COMP704 – Further training and experimentation

In this post I will be training my AI further to see if it can be improved by exploring the environment more often and solve the problem with the AI using the environment’s design flaw too often. This will be done by experimenting with the AI’s learn rate, step total and discount factor parameters.

Speeding up training and design flaws

While the AI is training, it can take up to an hour for it to complete the training process which can be a problem at times due me not having a lot of time to train the AI. This is due to training and testing every individual in the population, which is done every generation. This means that 15 iterations are done each training session and what may vary the training time is each individual having a different step total value between 100 to 100,000 which makes the training session even longer.
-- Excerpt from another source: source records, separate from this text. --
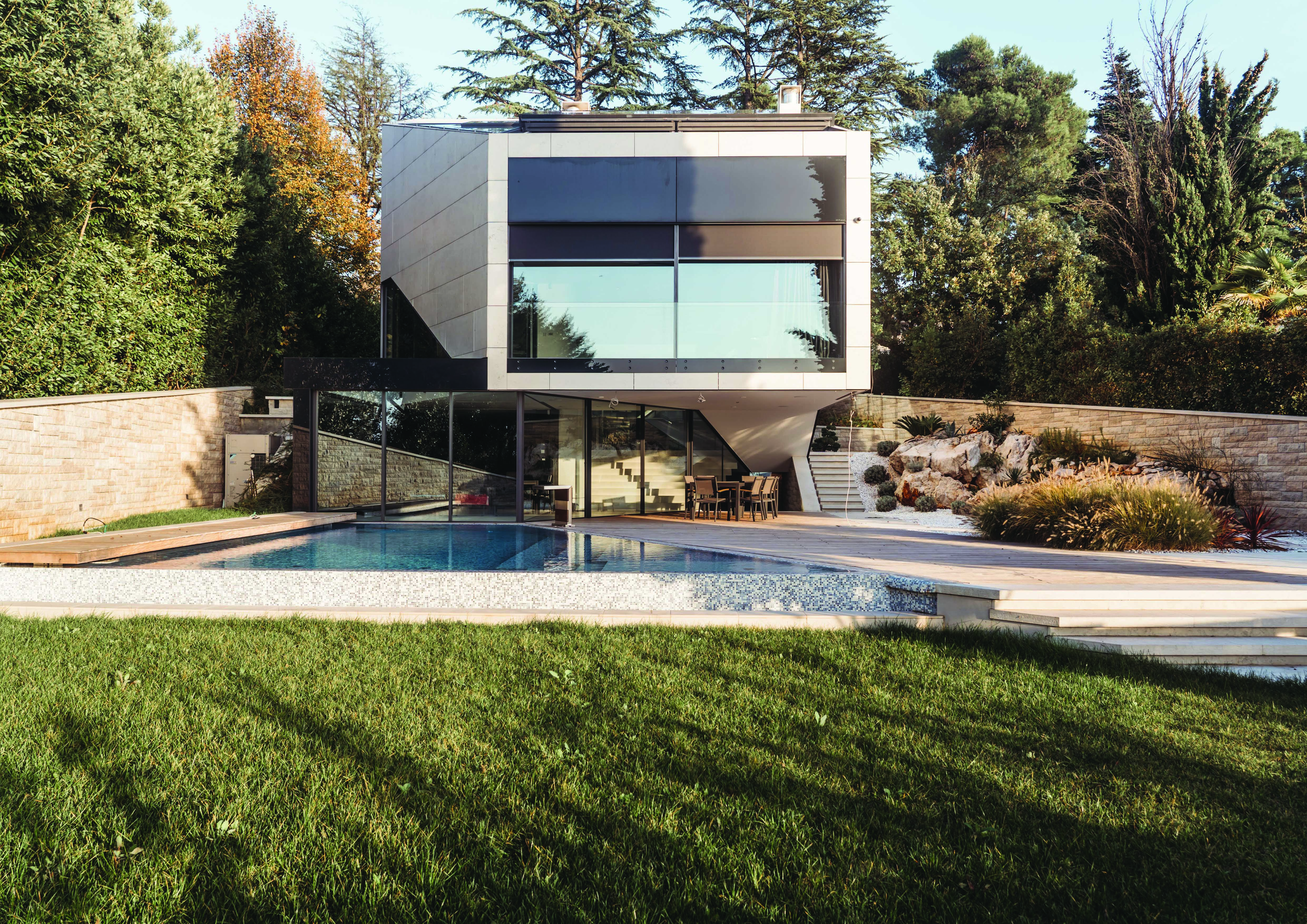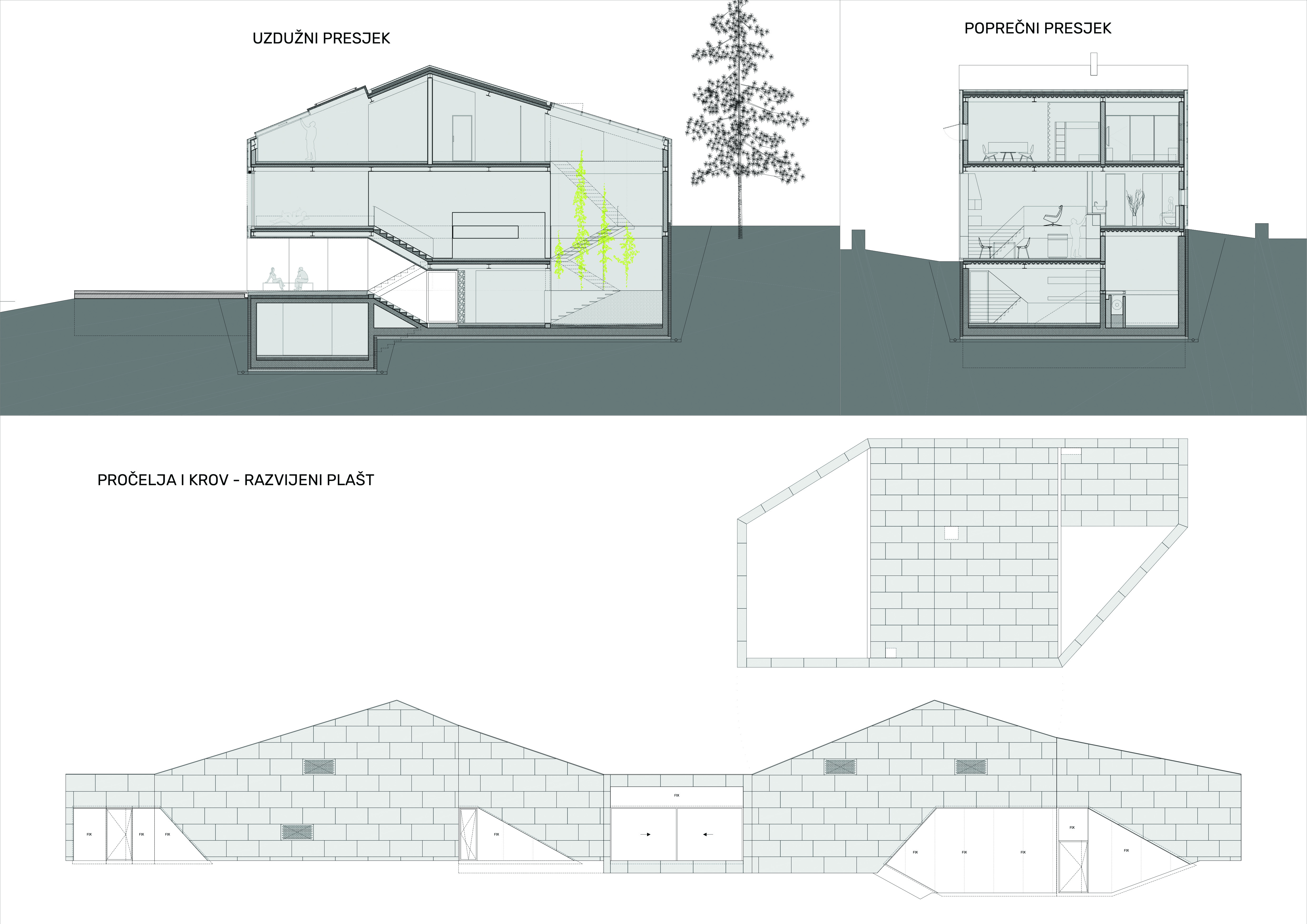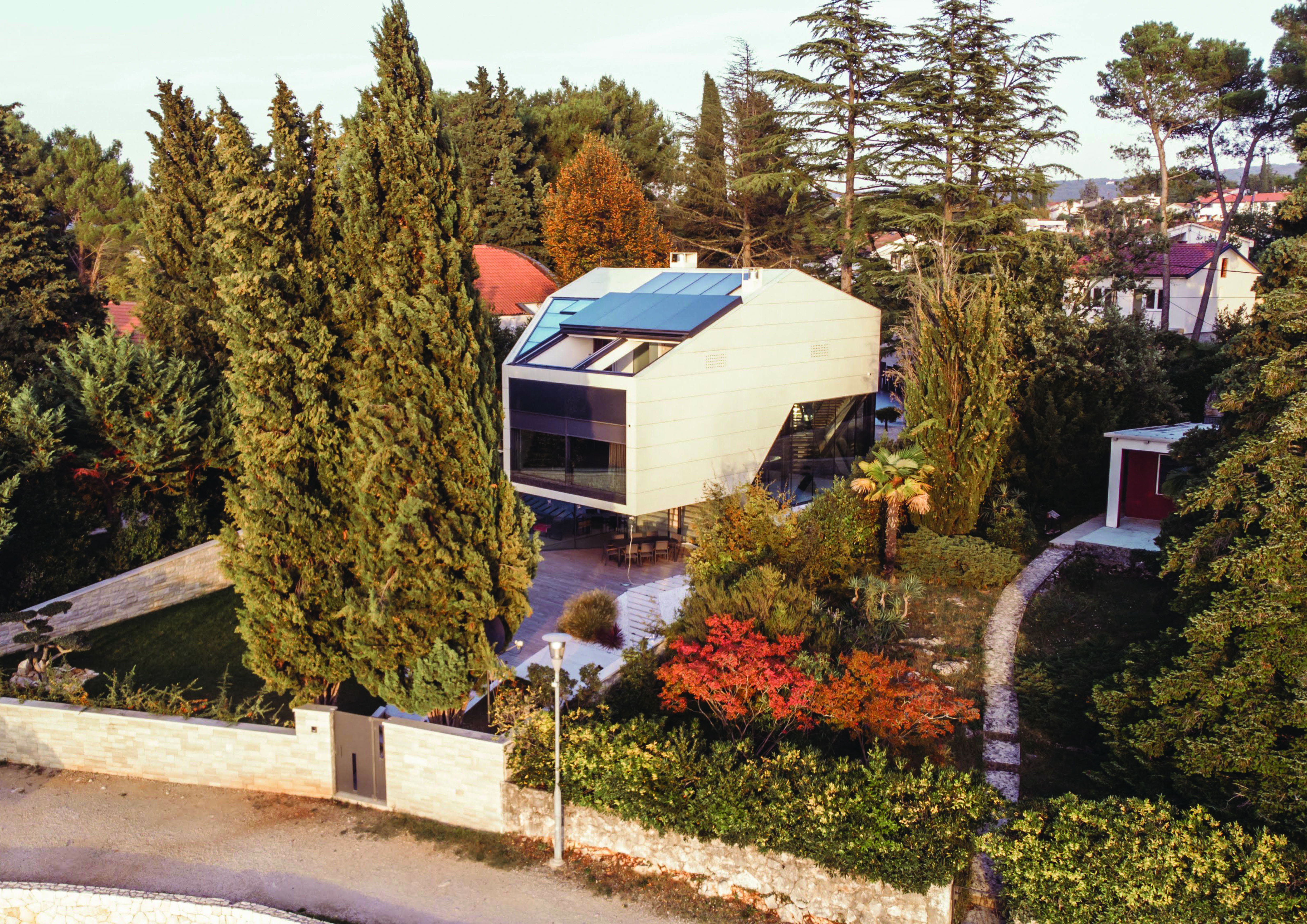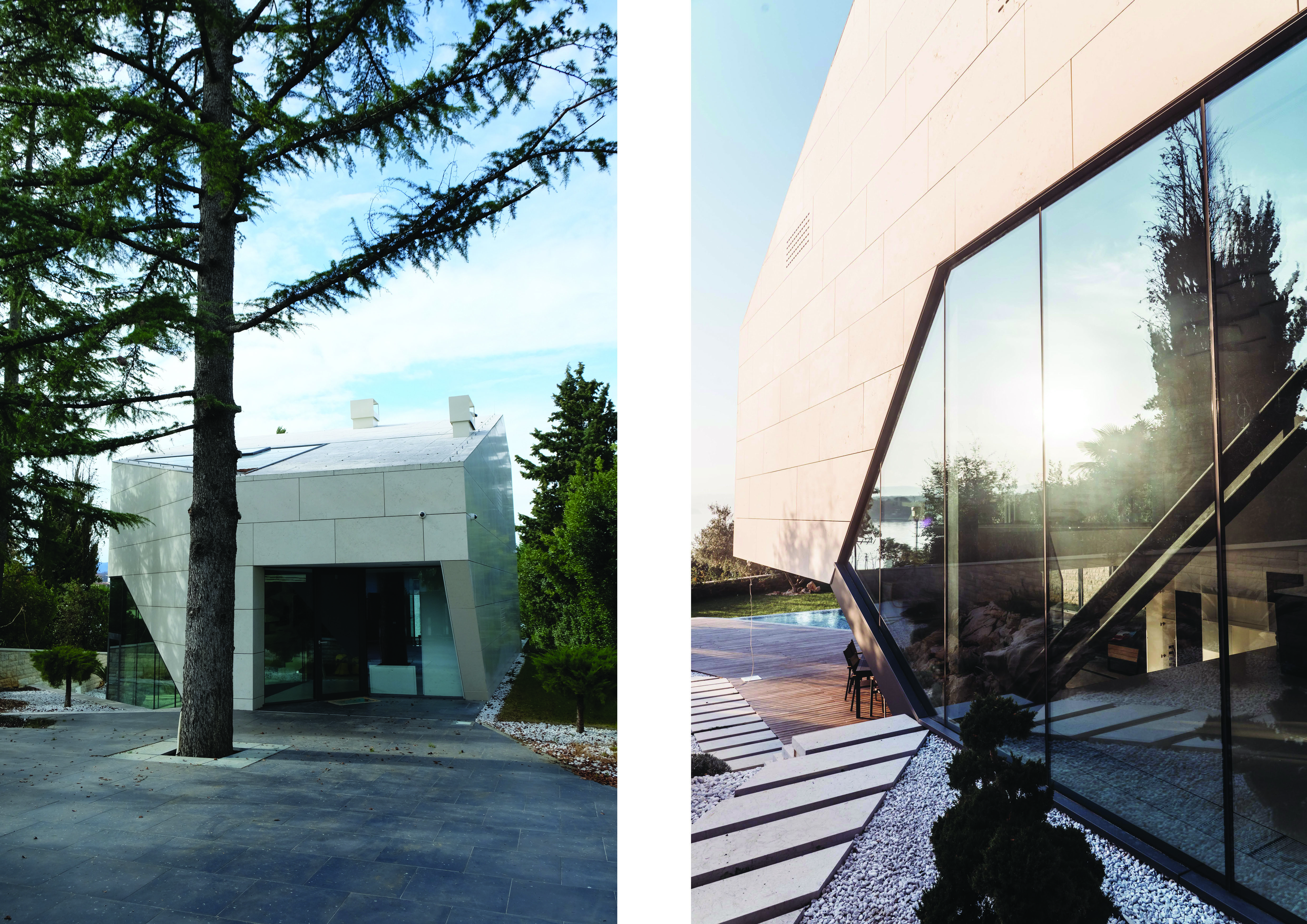 Vila P koncipirana je kao cjeloviti životni prostor s nizom međusobno povezanih polunivoa putem kojih se različite funkcije stanovanja nadovezuju i isprepliću. Osnovna dispozicija sadržaja produkt je konceptualnih elemenata: tečne i isprepletene cirkulacije, ostvarivanja kvalitetnih vizura i praćenja topografije terena, te neposrednog povezivanja vanjskog i unutarnjeg prostora. Kontinuirana kružna veza omogućava slobodnu cirkulaciju i pristup različitim funkcionalnim grupama. Funkcionalna shema i odnosi prostorija omogućavaju nekoliko osnovnih načina korištenja – privatni: intimni (za dvoje), poluprivatni (djeca, unuci ili bliski prijatelji), i javni (druženja ili proslave i sl.). Lomovi volumena posljedica su uklapanja u odredbe koje definiraju najveću dopuštenu izgrađenost i udaljenosti od rubova građevinske čestice. Ovisno o točki gledanja te smjeru kretanja unutar kuće i po okolnom terenu, lomovi volumena u funkcionalnom smislu otvaraju vizure, oblikuju dijelove okoliša (popločene ili travnate) namijenjene različitim oblicima korištenja ili različitom hortikulturalnom tretmanu. Radi poštivanja propisanih visina izgradnje i programskih postavki formiran je dvostrešni krov sa sljemenom okomitim na uzdužnu os parcele, što dosljedno prati dinamično razlomljeno oblikovanje i međusobno nadovezivanje različitih nivoa unutar kuće. Tretman pročelja proizlazi iz orijentacije, funkcije i tokova kretanja unutar kuće i prema van, te se formiraju fronte ostakljenih i punih, kamenom obloženih dijelova. Nosivu konstrukciju zgrade čine podzemni obodni armiranobetonski zidovi te čelična rešetkasta nosiva konstrukcija nadzemno s ispunom. Sve međukatne konstrukcije, kao i konstrukcija krova su dio osnovnog čeličnog nosivog sustava sa spregnutim AB-pločama u profiliranom limu.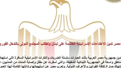 مصر تدين الاعتداءات الإسرائيلية الغاشمة على لبنان وتطالب المجتمع الدولى بالتدخل الفوري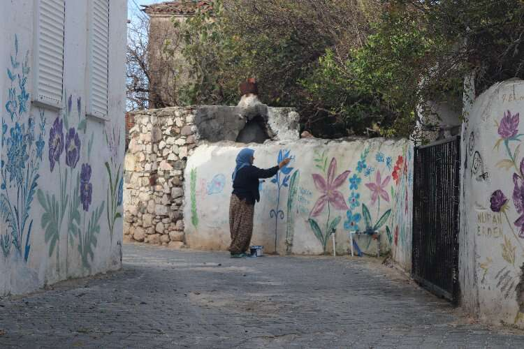 İzmir’in Çeşme ilçesinin tek Türkmen köyü olan Germiyan köyünde yaşayan 61 yaşındaki Nuran Erden, duvarlara ve elektrik direklerine çizdiği resimlerle köyün sokaklarına renk verdi. 27 yaşında kazandığı Trakya Üniversitesi Halı Dokumacılığı bölümünden mezun olan Erden’in resme olan sevgisi, sokaklara taştı.

So to try and speed along the training process I used stable baseline3’s ‘StopTrainingOnRewardThreshold’ function which keeps track of the AI training and if it receives an award of set amount it will stop the current training and move onto the next training session (Hill et al. 2021). During training I noticed that after 2 generations it gets really good at getting a score of 650 during its training. Noticing this I set the threshold at 650, which resulted in the training session taking between 10 minutes to 30 minutes depending on the AI’s progress, thus speeding up the process entirely. A picture of the code is shown below in fig 1.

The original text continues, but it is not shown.